START Provided material

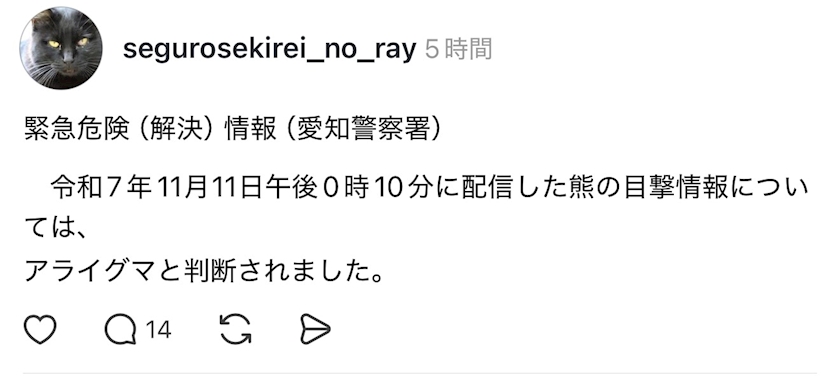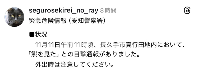 スレッズでこれ見て、長久手も熊おるん…こわ………
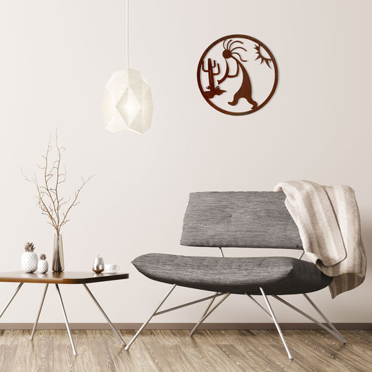 Kokopelli Circle Handcrafted Native Folklore Metal Wall Art
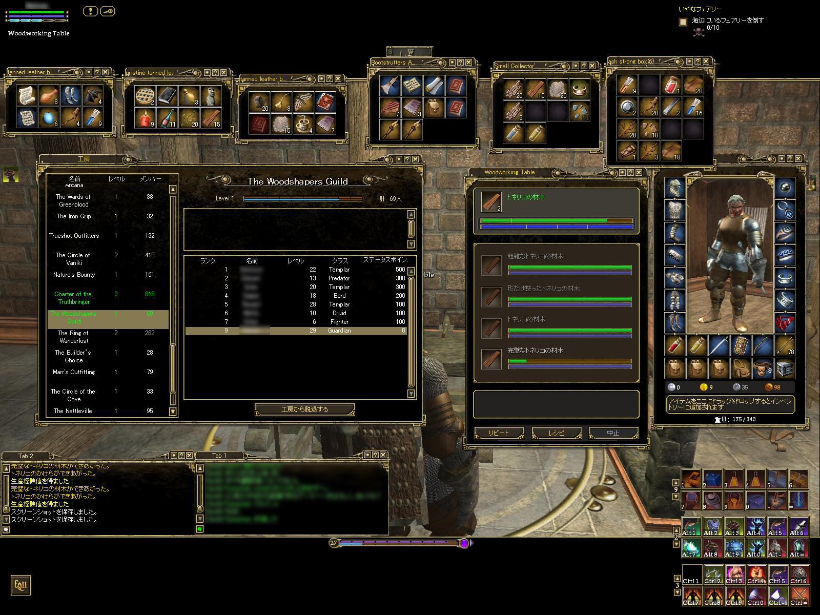 | 自分がどの工房に所属しているかは,工房ウィンドウで確認できる。ウィンドウには属している工房が,緑色で表示される。工房を退会するときは色を頼りにすればよく,また同じ工房にほかのどんなプレイヤーキャラクターが所属しているかなども分かる |

END Provided material

# [Problem description]
Nothing but the text of the listing should be set down, exactly, with the pictures left behind.

# [Expected answer]
 スレッズでこれ見て、長久手も熊おるん…こわ………
 Kokopelli Circle Handcrafted Native Folklore Metal Wall Art
 | 自分がどの工房に所属しているかは,工房ウィンドウで確認できる。ウィンドウには属している工房が,緑色で表示される。工房を退会するときは色を頼りにすればよく,また同じ工房にほかのどんなプレイヤーキャラクターが所属しているかなども分かる |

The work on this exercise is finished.